Potentially New Zealand has enough feedstock to replace natural gas with biogas generated from organic waste to supply these smaller consumers, Clarke says.
And New Zealand energy companies are investing in biogas production facilities.
Biogas sourced from organic waste is increasingly being used internationally to transition away from fossil-sourced natural gas.
Denmark, for example, has already replaced 32 percent of its natural gas with biogas sourced largely from animal waste and has a target of ramping this up to 100 percent by 2030.

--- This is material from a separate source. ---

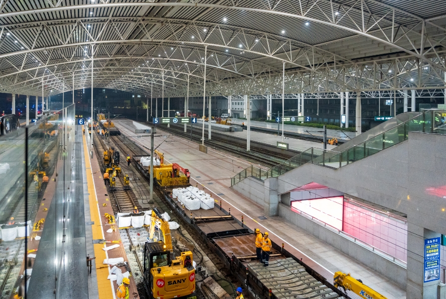 凌晨近4时,“天窗”结束,施工人员和机械有序撤出上海站。此时,夜色中的车站又一次恢复了短暂的宁静。当天,施工人员累计更换了122根枕木,整个工期预计将持续到今年8月底。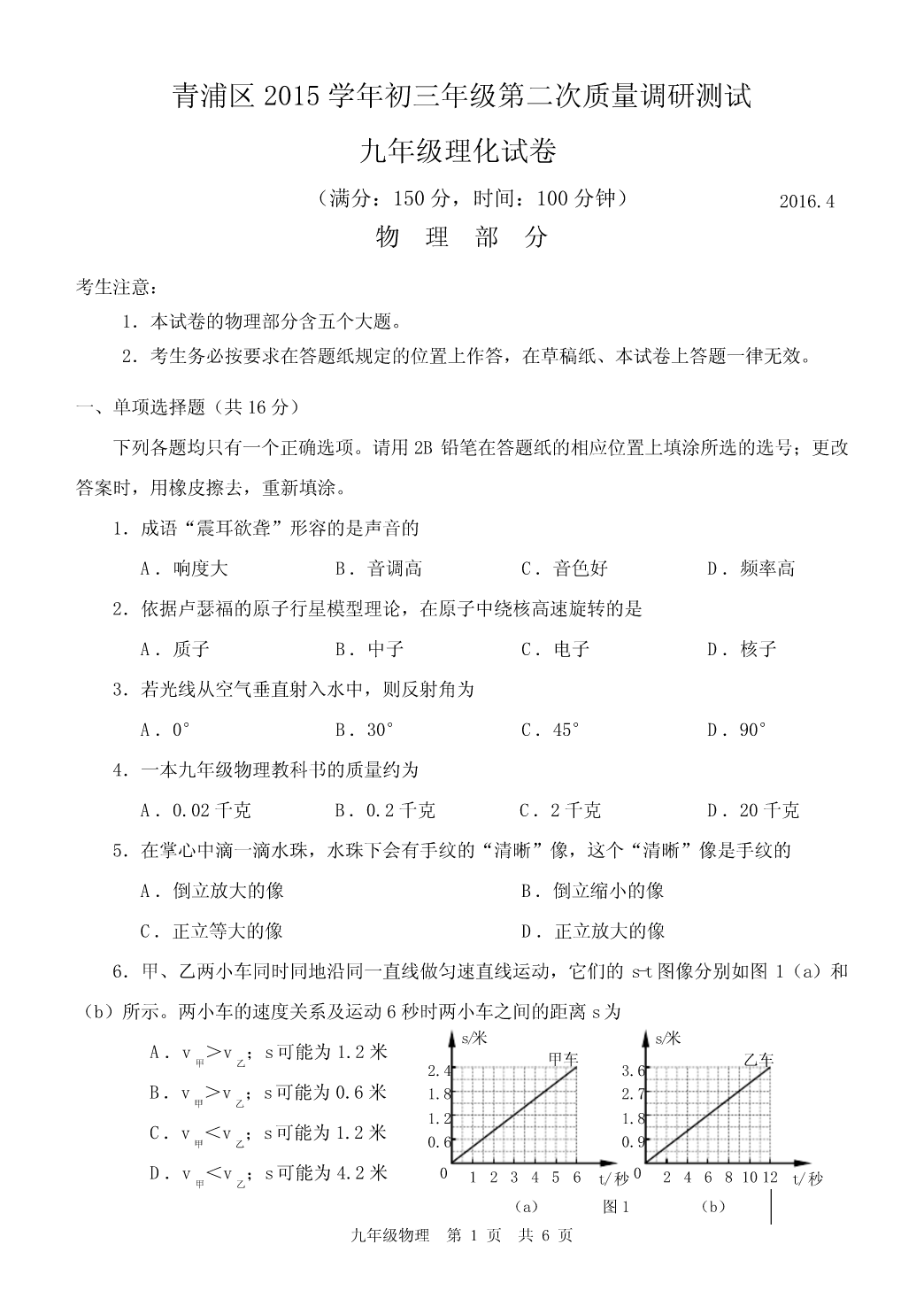 青浦区2015学年初三年级第二次质量调研测试九年级理化试卷(满分:150分,时间:100分钟)2016.4物理部分考生注意:1.本试卷的物理部分含五个大题。2.考生务必按要求在答题纸规定的位置上作答,在草稿纸、本试卷上答题一律无效。一、单项选择题(共16分)下列各题均只有一个正确选项。请用2B铅笔在答题纸的相应位置上填涂所选的选号;更改答案时,用橡皮擦去,重新填涂。1.成语“震耳欲聋”形容的是声音的A.响度大B.音调高C.音色好D.频率高2.依据卢瑟福的原子行星模型理论,在原子中绕核高速旋转的是A.质子B

With a recent consumer preference study commissioned by the Energy Efficiency and Conservation Authority (EECA) confirming that most residential owners of gas appliances intend hanging on to them until the end of their service lives, if the potential of biogas is realised, they will be able to keep using their gas appliances indefinitely.
A real advantage of this is they won’t have to stump up with the hefty upfront cost of replacing their appliances with non-gas alternatives, Clarke says.
Net-zero carbon biomethane is chemically identical to the natural gas-sourced methane we use today in our homes, and is fully compatible with existing gas appliances.
“Not only is the criticality of a sufficient supply of natural gas as a transition fuel being recognised by the Government for New Zealand’s energy security out to 2050, but the decarbonising of gas itself will mean consumers will continue to have a choice of low-carbon energy sources in a decarbonised energy future.”